I became interested in medico-legal matters and the rights of patients participating in medical
research, medical ethics, and the societal burden of medical services, particularly at end of life.
Along with similarly interested attorneys, clergymen, physicians, ethicists, and nurses, I led
seminars over several years along the general theme of "Who lives…who dies…who decides…who
pays?"
Judy did most of the heavy lifting in terms of child care. She coached the piano practicing,
guided the algebra homework, and drove the soccer and ballet circuit for what seemed like
decades. She obviously did a great job, producing an English teacher, a work force
development specialist and a gastroenterologist, and, indirectly, six adorable grandchildren. I
must not have been as effective in the driver education department, as it seemed our children
generated more than our share of speeding tickets, scraped doors, mangled side view mirrors
and toppled mailboxes.
After the last medical school tuition was paid and the last child walked down the aisle, we decided that
we wanted to change our life style. We traded in our sixty-hour work week, four bedroom and den home,
riding mower and garden for a high rise apartment overlooking Lake Michigan back in Chicago. I
became a locum tenens physician----going from practice to practice on a temporary basis, filling in for
vacationing physicians or understaffed practices. I only took selected short term assignments; it was
Hawaii in the winter, New Hampshire in the fall, Wisconsin in the spring, New Mexico, Seattle, Wyoming
and elsewhere in between. For over three years we combined travel and a non-stress work load, leaving
plenty of time to explore each area in depth.

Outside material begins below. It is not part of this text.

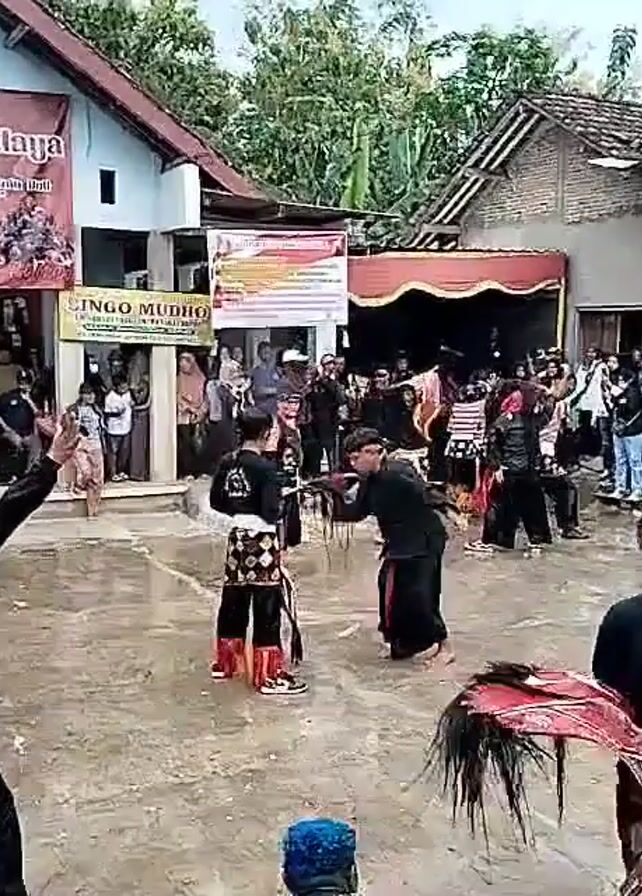 The video depicts a traditional Indonesian dance performance taking place outdoors in a courtyard or open space. Several performers dressed in black costumes, some wearing decorative masks and carrying objects resembling horse tails, are actively engaged in the dance. The performers move dynamically, interacting with each other in a choreographed manner. A small crowd of spectators, including adults and children, are gathered around the periphery of the courtyard, observing the performance. Banners with Indonesian script and illustrations are displayed on nearby buildings. The setting appears to be a rural village, with traditional Indonesian-style houses visible in the background. The overall atmosphere is that of a cultural event or celebration.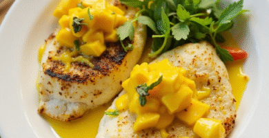Receta de Pescado a la Plancha con Salsa de Mango de Las Islas del Rosario, Colombia

We fully retired from work in 2004. We travel, (the attached pictures were taken on our recent trip to New
Zealand and Australia), go to theater, concerts, galleries, and museums, do a little photography, bicycle
along the lakefront, take piano lessons (without having to be reminded to practice), swim or work out at
the gym, and do a fair amount of grandchild care and 'continuing intellectual enrichment'. Judy
continues her interests in needle crafts and volunteers in the Chicago Public Schools.